Required work -
Under this line is a listing; return exactly the lines starting at the one with "din Iasi organizeaza" and running down to the one with "กางเกงขาสั้นลำ", and leave out its pictures.

Records -
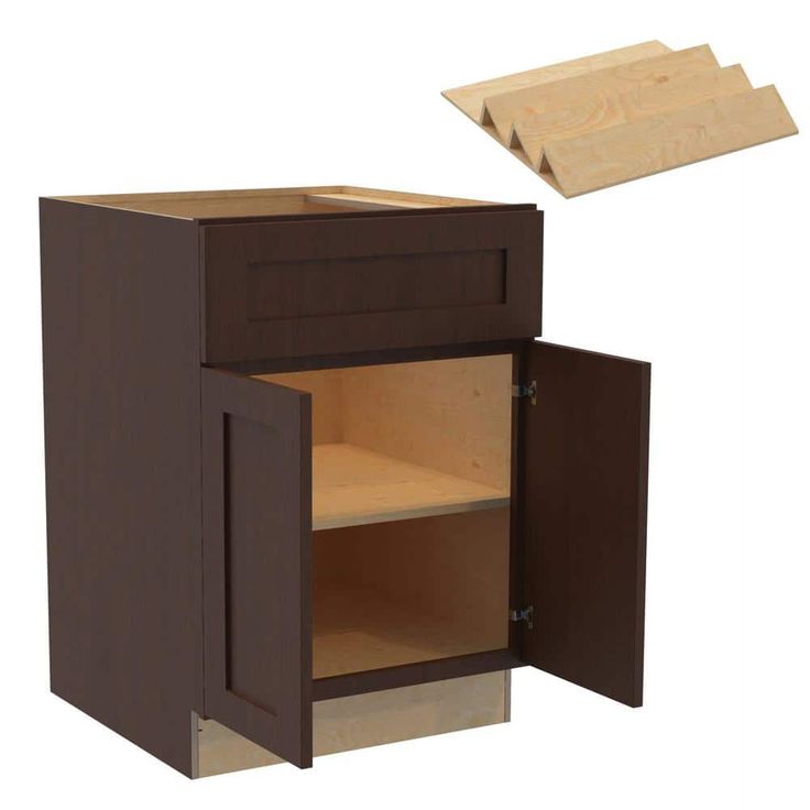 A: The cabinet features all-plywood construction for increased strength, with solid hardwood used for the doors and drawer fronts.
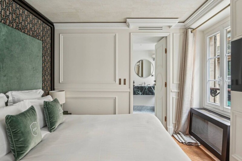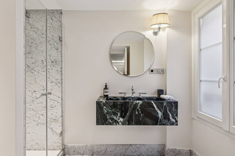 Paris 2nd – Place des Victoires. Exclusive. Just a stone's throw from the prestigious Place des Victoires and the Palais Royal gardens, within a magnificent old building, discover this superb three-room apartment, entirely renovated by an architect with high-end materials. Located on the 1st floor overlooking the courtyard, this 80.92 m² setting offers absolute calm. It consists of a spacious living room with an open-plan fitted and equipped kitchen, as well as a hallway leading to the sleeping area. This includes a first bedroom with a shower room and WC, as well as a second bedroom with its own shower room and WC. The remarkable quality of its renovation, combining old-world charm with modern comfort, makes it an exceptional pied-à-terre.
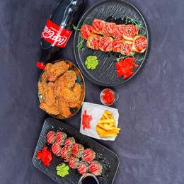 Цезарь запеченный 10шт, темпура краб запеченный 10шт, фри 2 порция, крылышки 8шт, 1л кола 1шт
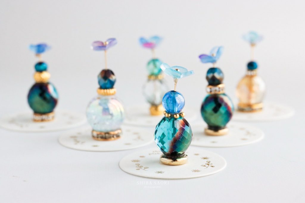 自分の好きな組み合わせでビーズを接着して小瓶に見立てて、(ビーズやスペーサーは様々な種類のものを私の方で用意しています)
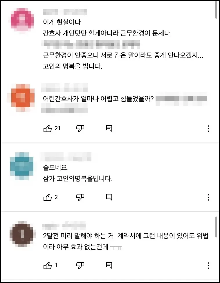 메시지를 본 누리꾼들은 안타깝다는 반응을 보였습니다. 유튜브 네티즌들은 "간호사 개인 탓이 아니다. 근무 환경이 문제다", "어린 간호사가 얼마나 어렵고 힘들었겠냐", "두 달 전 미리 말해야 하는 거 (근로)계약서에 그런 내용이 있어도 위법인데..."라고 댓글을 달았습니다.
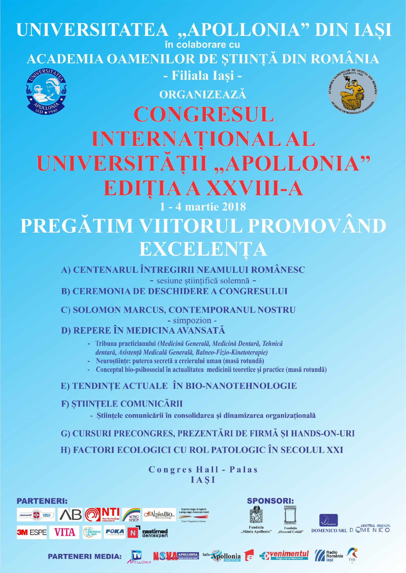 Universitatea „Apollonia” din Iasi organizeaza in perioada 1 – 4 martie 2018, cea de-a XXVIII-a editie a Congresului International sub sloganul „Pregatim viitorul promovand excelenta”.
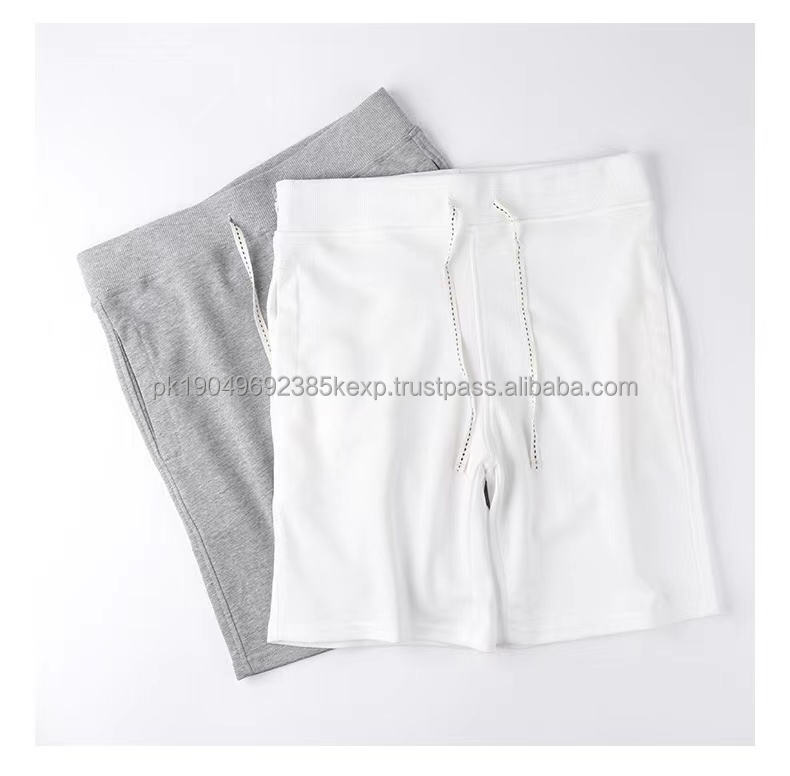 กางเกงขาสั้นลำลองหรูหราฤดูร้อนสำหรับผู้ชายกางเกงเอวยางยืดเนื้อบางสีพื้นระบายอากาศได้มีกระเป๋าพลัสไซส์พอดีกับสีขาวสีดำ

--

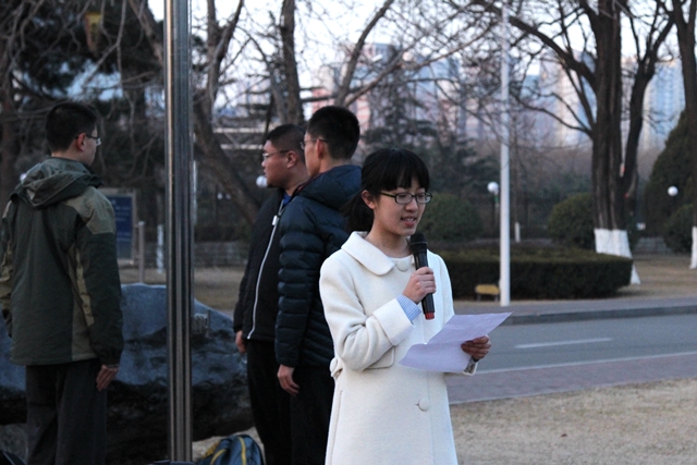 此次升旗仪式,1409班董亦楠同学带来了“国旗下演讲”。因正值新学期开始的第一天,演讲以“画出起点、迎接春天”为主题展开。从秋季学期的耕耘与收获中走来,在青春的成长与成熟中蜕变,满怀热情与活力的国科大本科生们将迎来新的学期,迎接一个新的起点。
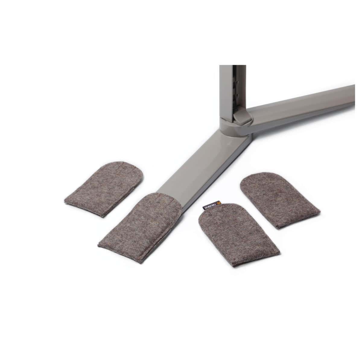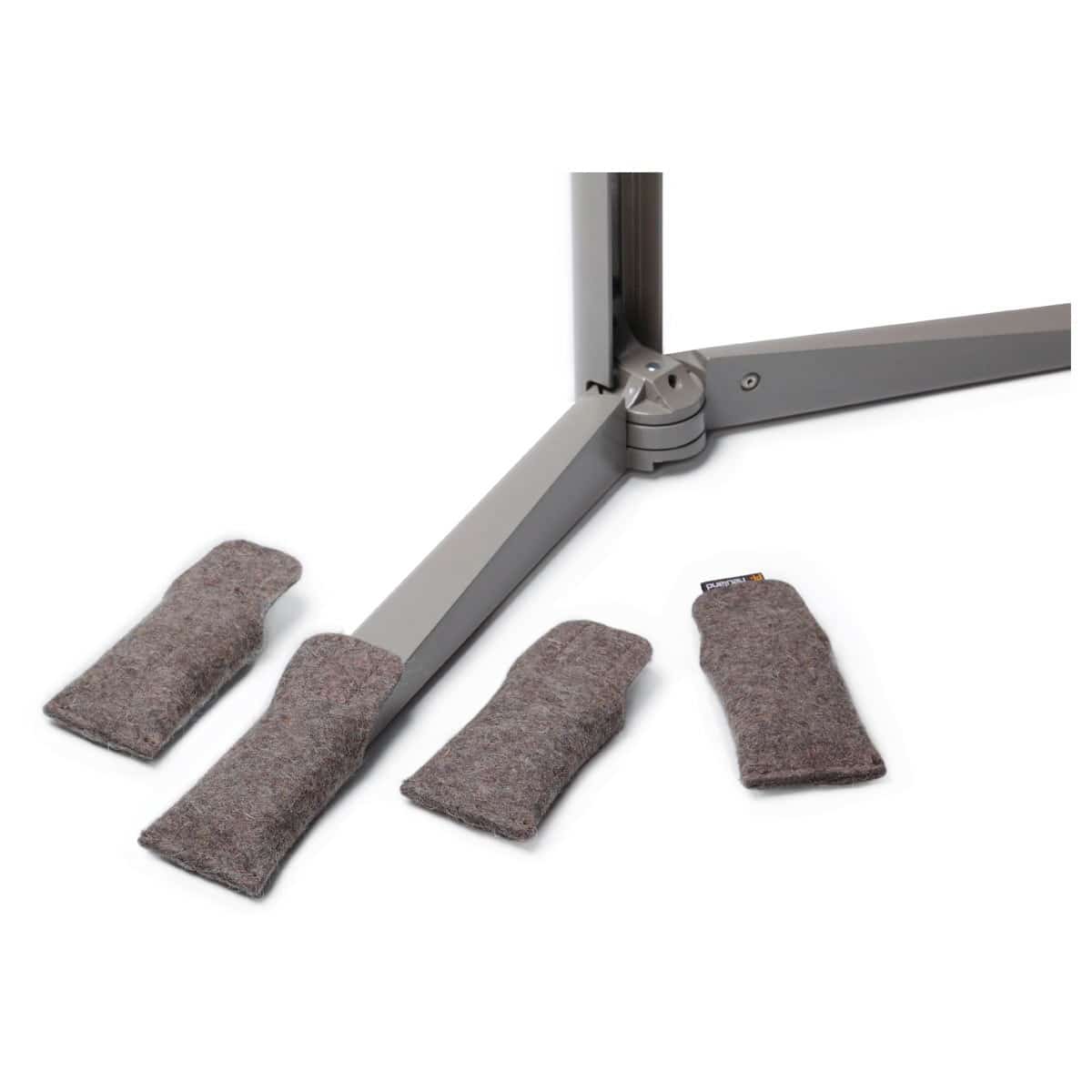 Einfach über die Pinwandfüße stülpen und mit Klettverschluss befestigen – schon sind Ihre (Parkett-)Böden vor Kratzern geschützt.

Written response -
 Universitatea „Apollonia” din Iasi organizeaza in perioada 1 – 4 martie 2018, cea de-a XXVIII-a editie a Congresului International sub sloganul „Pregatim viitorul promovand excelenta”.
 กางเกงขาสั้นลำลองหรูหราฤดูร้อนสำหรับผู้ชายกางเกงเอวยางยืดเนื้อบางสีพื้นระบายอากาศได้มีกระเป๋าพลัสไซส์พอดีกับสีขาวสีดำ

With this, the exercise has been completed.